*Exercise*: Copy only those lines which run from the line containing "Lynbrook High School" to the end of the entries below, both inclusive, exactly as written and with no pictures.

Stored items from a collection
"""
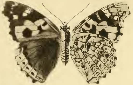
Fig. 71. PYRAMEIS INDICA , Herbst. ♀
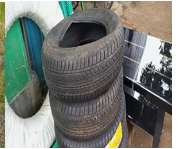
One of the tires was bought
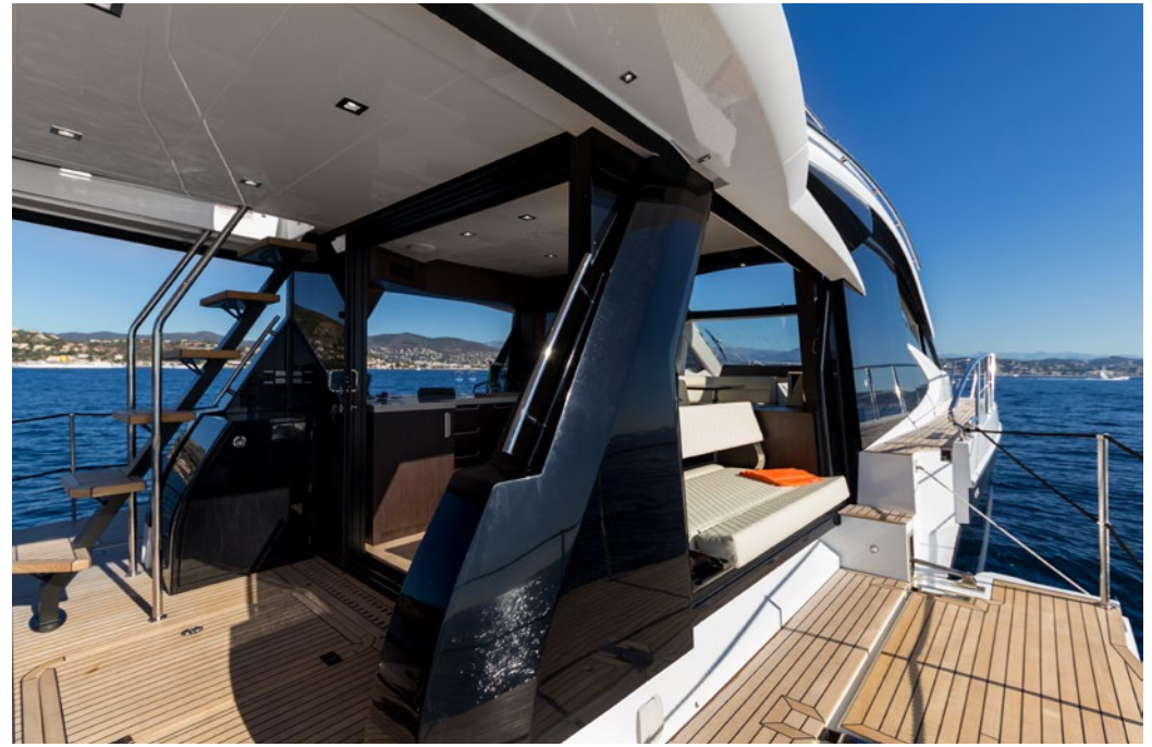
— Lots of extra space thanks to Beach Mode
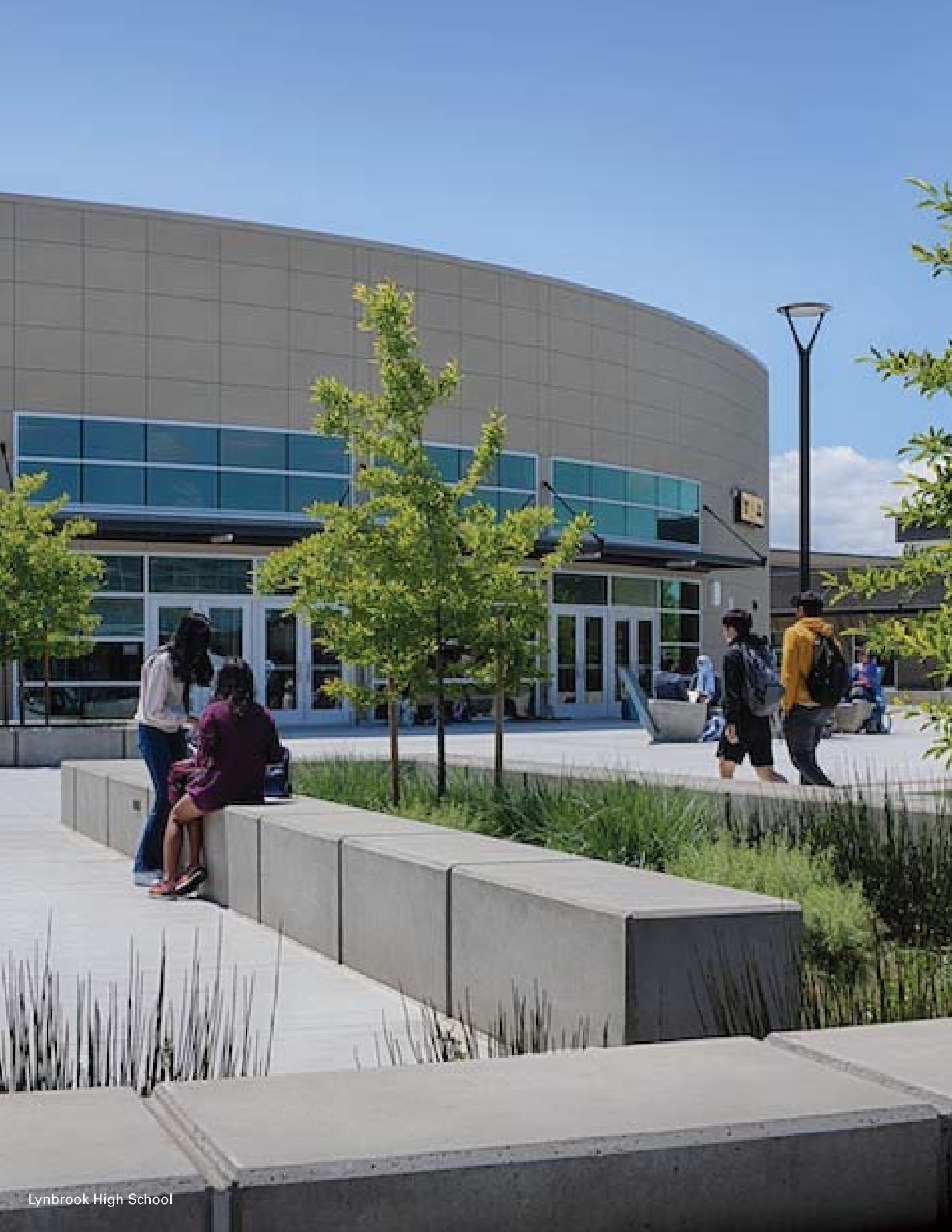
Lynbrook High School
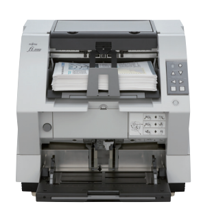
A4 Landscape at 300 dpi 135 ppm / 270 ipm A4 Portrait at 300 dpi 105 ppm / 210 ipm Scan mixed batches through the 500 sheet hopper
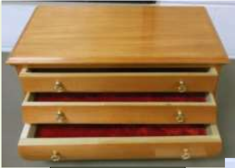
1 st – Terry Dote
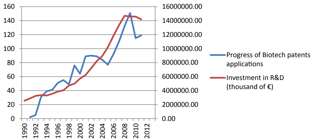
Figure 1A: Spanish biotechnology patent requests and Spanish investment in R&D, public and private investment.
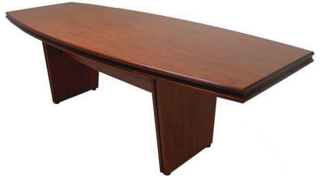
MODEL : SFH-CT-09-41
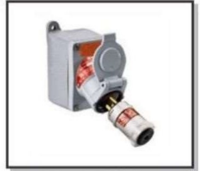
Receptical & Plug
"""
*Answer for the task*:
Lynbrook High School
A4 Landscape at 300 dpi 135 ppm / 270 ipm A4 Portrait at 300 dpi 105 ppm / 210 ipm Scan mixed batches through the 500 sheet hopper
1 st – Terry Dote
Figure 1A: Spanish biotechnology patent requests and Spanish investment in R&D, public and private investment.
MODEL : SFH-CT-09-41
Receptical & Plug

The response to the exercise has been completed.